Malicious actors are using increasingly sophisticated methods to get users' account data from many companies, including Apple, with a new report detailing the use of fake law enforcement emails for doxxing.
While scams have existed long before the dawn of email, the internet opened up a whole new avenue for attacks via email. We've all heard of scammers pretending to be royalty, or those saying you've won the lottery, neither of which is a particularly effective approach these days.
More recently, however, scammers have taken up impersonating law enforcement officials as a means of obtaining someone's personal information. To no one's surprise, individuals and groups with ill intent often use email addresses that closely resemble those of legitimate law enforcement agencies.
As Wired points out, however, doxxing groups have, on multiple occasions, also used the compromised email accounts of real government employees and law enforcement officials. The publication interviewed Exempt, an individual affiliated with the doxxing group, offering additional information about their motives and methods of operation.
How and why doxxers target large companies
In short, the group usually impersonates law enforcement and tries to contact the law enforcement response teams of large companies the likes of Apple and Amazon. The goal, understandably, is to trick the company into providing information about a specific user or group, and to later sell that information to a third party.
To accomplish this, Exempt's group buys domains similar to those used by law enforcement entities, with the only difference often being the URL ending in .us instead of .org, for example. The group also spoofs the phone numbers of police and sheriff's offices when contacting companies' law enforcement response teams, making the target more likely to believe it's a legitimate request.
Other times, the group teams up with cops who want a share of the profit, in exchange for their email being used to dox someone via a fraudulent request. Alternatively, they'll use working email credentials sourced from prior hacks and database leaks.

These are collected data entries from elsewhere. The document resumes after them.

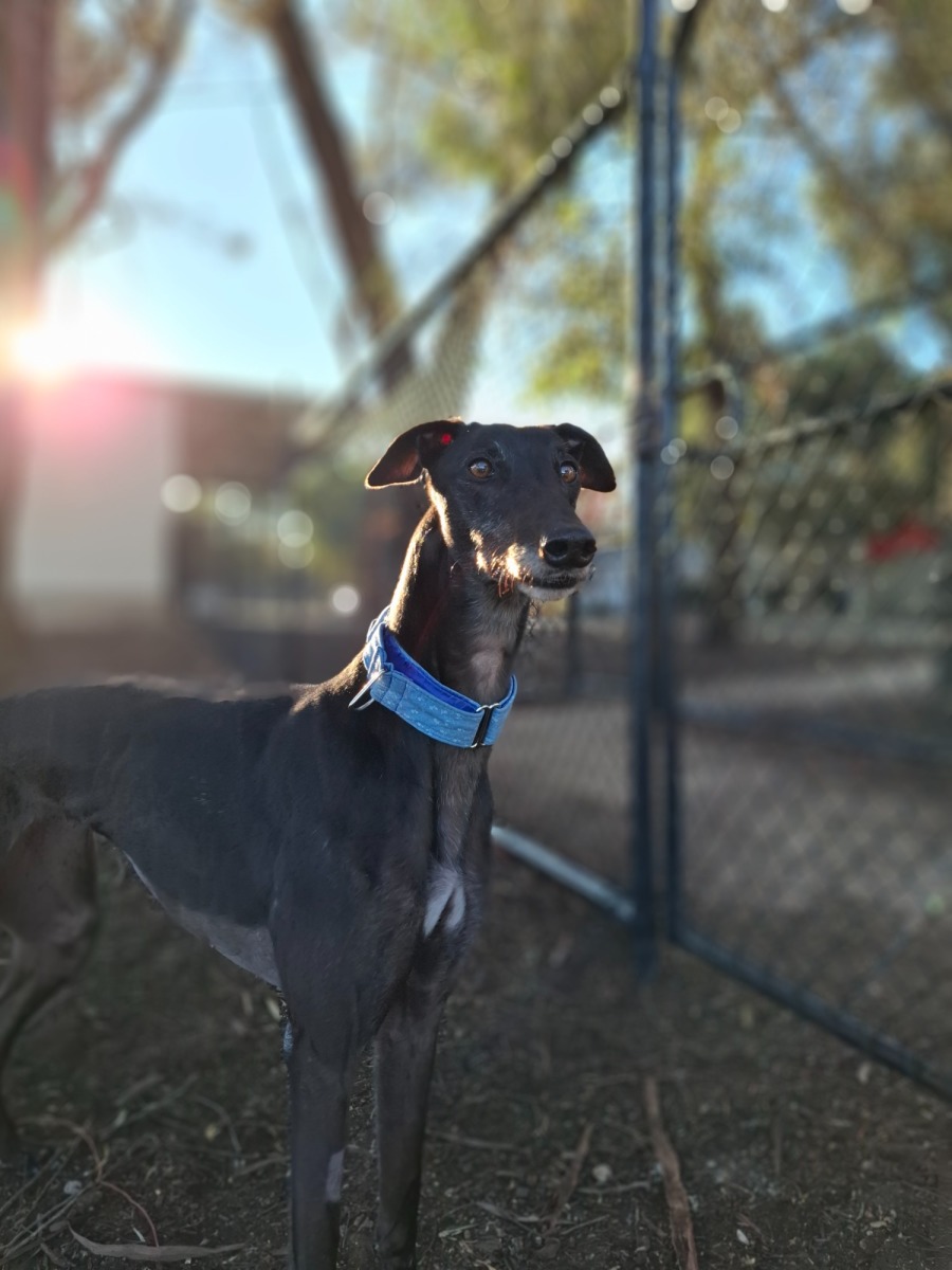 Shirley is an excellent traveller and adapts well to car rides. Her preference is to hang out with her people. While Shirley is still learning to navigate the canine social scene, she has a particular fondness for other greyhounds and enjoys their company both on and off the lead. For her household, she'd thrive as an only dog or with another greyhound friend.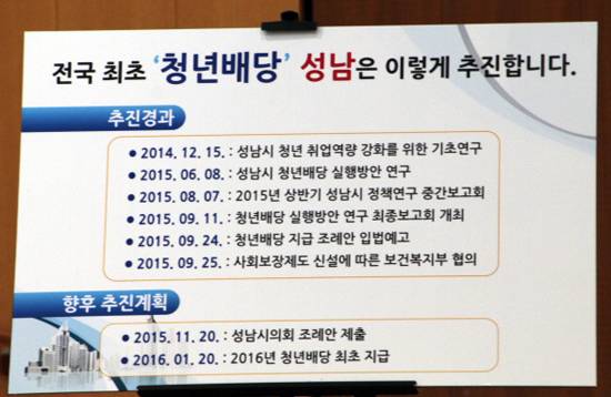 | ▲ 이재명 성남시장 "박근헤 정부, 청년배당 받아들여야" 성남시의 청년배당 정책을 설명하는 판넬 |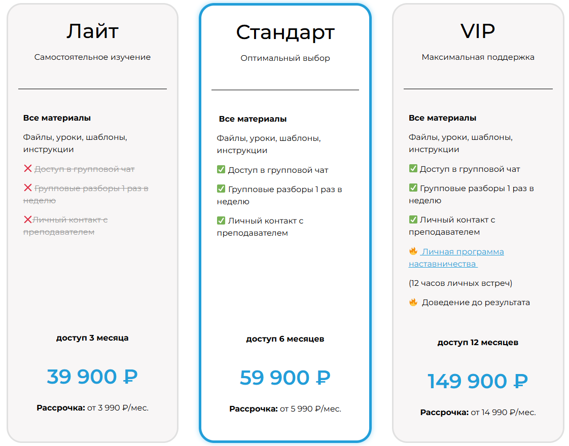 Полноценно пройти программу можно только по тарифу “Стандарт” уже за 59900. В VIP же входит индивидуальное наставничество с доведением до результата, но такой вариант почти в 3 раза дороже предыдущего.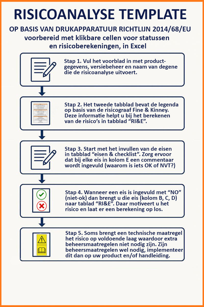 Deze risicoanalyse (in XLS) bevat de veiligheidseisen van de PED Richtlijn in combinatie met de Laagspanningsrichtlijn. De Fine & Kinney methode is in de XLS geïntegreerd.

As for the information requests themselves, Exempt's team takes great care to mimic the look and feel of an official document. They'll even go so far as to cite relevant and applicable laws in the requests they send to large companies in the United States.

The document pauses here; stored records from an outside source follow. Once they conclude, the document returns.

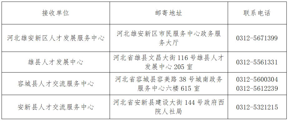 檔案接收單位包括河北雄安新區人才發展服務中心、雄縣人才發展中心、容城縣人才交流服務中心、安新縣人才交流服務中心。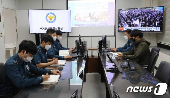 (수원=뉴스1) 김영운 기자 = 경기남부경찰청 선거통합경비상황실 운영이 시작된 18일 경기 수원 팔달구 경기남부경찰청 선거통합경비상황실에서 담당 직원들이 업무를 보고 있다.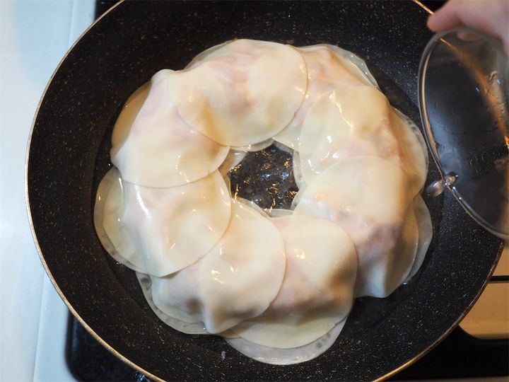 6. 全部を並べた5のフライパンを中火にかける。温まったらフライパンのフチから水を回し入れ、フタをして中火弱で5分蒸し焼きにしていく。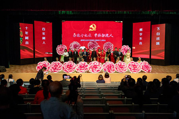 10月13日下午beat365英国官方网站工会在学院文化中心举办了“喜迎十九大 幸福职院人”暨第三届教职工诗歌朗诵会活动,学院领导班子成员,全体教职工以及600余名学生代表共同观看了本次演出。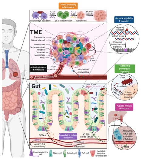 腸道中存在許多的微生物,它們是宿主能量獲取的關(guān)鍵中介,并且能將膳食營養(yǎng)素代謝為許多的生物活性物質(zhì),從而作為溝通腸道菌群與宿主相互作用的橋梁。腸道菌群由宿主基因、免疫應(yīng)答及飲食因素調(diào)控,而腸道菌群的代謝和免疫潛能決定了其在宿主健康和疾病中的重要意義。研究表明,腸道微生物紊亂與多種疾病的發(fā)生密切相關(guān),比如消化系統(tǒng)疾病、內(nèi)分泌系統(tǒng)疾病、精神系統(tǒng)疾病、自身免疫性疾病以及一些感染性疾病。基于這些影響,人們越來越關(guān)注通過微生物靶向治療癌癥和其他疾病。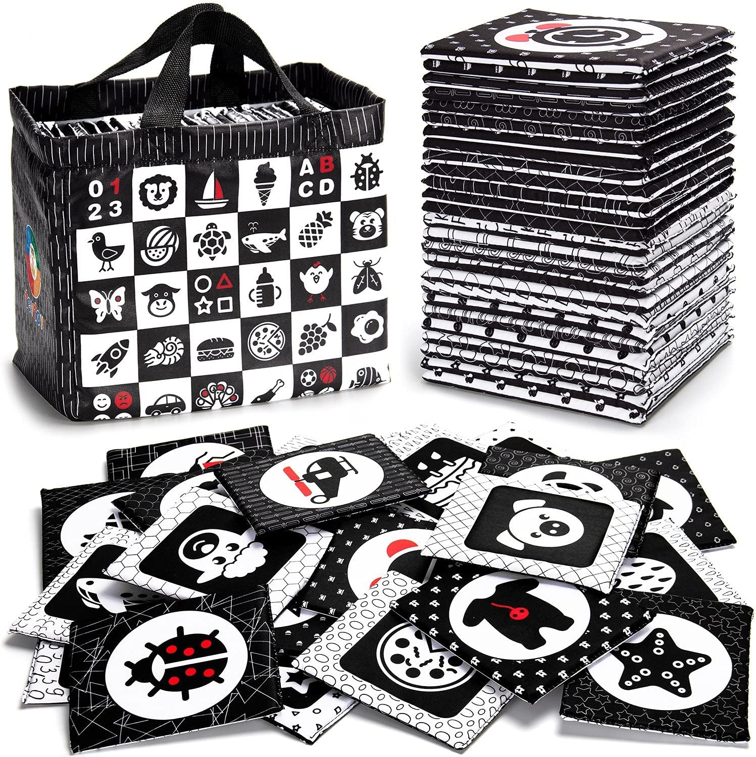 - ★ CAPTURE A ATENÇÃO DO RECÉM-NASCIDO FACILMENTE - Muitas imagens cognitivas contrastantes em preto e branco com animais, frutas, gráficos e letras estão incluídas nesses cartões de tecido. Alternativamente, mostre aos recém-nascidos estes 26 cartões de tecido macio de dupla face para focar sua atenção e promover o desenvolvimento encenado do desenvolvimento visual do seu bebê.

If the group is sending a fake warrant or subpoena, they'll use the name and relevant information of a judge who happens to be in office on that particular day. That way, if a representative of the company being targeted by the team tries to inquire, they'll learn that the judge is indeed in the building.

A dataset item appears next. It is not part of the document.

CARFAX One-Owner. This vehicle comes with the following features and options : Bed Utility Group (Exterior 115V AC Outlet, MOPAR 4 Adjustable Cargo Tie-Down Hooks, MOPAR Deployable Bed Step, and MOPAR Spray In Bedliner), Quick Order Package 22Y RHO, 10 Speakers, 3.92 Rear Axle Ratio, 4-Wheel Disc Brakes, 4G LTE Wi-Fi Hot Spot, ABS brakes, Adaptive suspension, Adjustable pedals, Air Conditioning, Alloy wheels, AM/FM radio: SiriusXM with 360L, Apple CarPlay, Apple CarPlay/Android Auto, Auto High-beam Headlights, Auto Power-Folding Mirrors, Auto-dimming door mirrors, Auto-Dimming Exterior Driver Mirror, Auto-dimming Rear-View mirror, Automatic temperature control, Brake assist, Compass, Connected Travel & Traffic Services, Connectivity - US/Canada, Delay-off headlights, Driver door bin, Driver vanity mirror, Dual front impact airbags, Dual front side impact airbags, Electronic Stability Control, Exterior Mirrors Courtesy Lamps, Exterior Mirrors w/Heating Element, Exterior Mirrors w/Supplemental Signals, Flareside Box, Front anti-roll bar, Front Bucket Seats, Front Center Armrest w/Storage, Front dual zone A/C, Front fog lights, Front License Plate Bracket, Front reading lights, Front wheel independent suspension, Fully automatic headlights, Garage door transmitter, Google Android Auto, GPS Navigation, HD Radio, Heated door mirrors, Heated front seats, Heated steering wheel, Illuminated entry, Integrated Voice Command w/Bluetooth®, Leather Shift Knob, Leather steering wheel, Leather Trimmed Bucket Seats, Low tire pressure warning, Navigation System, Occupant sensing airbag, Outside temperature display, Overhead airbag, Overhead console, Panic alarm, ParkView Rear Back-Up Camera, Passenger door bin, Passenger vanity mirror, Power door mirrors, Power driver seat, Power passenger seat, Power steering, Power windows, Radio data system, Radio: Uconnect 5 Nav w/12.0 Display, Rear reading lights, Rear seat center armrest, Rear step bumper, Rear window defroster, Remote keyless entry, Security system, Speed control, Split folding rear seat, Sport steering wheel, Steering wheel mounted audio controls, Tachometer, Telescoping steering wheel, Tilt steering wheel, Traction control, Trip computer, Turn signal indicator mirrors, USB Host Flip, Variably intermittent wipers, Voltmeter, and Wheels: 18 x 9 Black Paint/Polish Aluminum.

Often, judges are unable to verify the information on additional warrants or subpoenas over the phone, which is what the hackers in the doxxing group Exempt and his team are counting on.
How attackers abuse emergency data requests
Still, not every attempt is successful.
Sometimes, fraudulent requests are caught via the target companies' request verification measures. To circumvent this, malicious groups take advantage of so-called emergency data requests, which are meant to prevent immediate harm or even death.
Apple was among those targeted by the hackers.
Apple is among the companies that deliver information when an emergency request is submitted. It's also one of the companies Exempt's group targeted, and they reportedly received the personal information of an Apple Account holder, including their home address, email, and phone number.
Apart from these account details, the account information Exempt's team received did not include data stored on iCloud, such as user photos, notes, and so on.
The iPhone maker outlined the process for an emergency data request in its Legal Process Guidelines.
"In order to request that Apple voluntarily disclose information on an emergency basis, the requesting government or law enforcement officer should complete the Emergency Government & Law Enforcement Information Request form and transmit it directly from their official government or law enforcement email address," reads Apple's documentation.
Apple also emphasizes that the request should contain "the words 'Emergency Request' in the subject line," among other things.
Apart from the attackers themselves, no single company or person is to blame. It's the nature of the emergency information request system and its shortcomings. There's just no simple way to verify a contact via email without it being a drawn out process.
Why there's no cause for alarm
Even so, most users have little reason for concern, unless they suspect they're being targeted directly by a bad actor for a reason. Hackers don't generally go out of their way to target everyday users, unless it's a vendetta, or they believe they can steal or extort money from a person.
As such, there's no immediate action for end users to take, but AppleInsider recommends exercising caution when dealing with suspicious-looking emails. A somewhat similar iMessage scam involving fake government addresses gained traction in November 2025.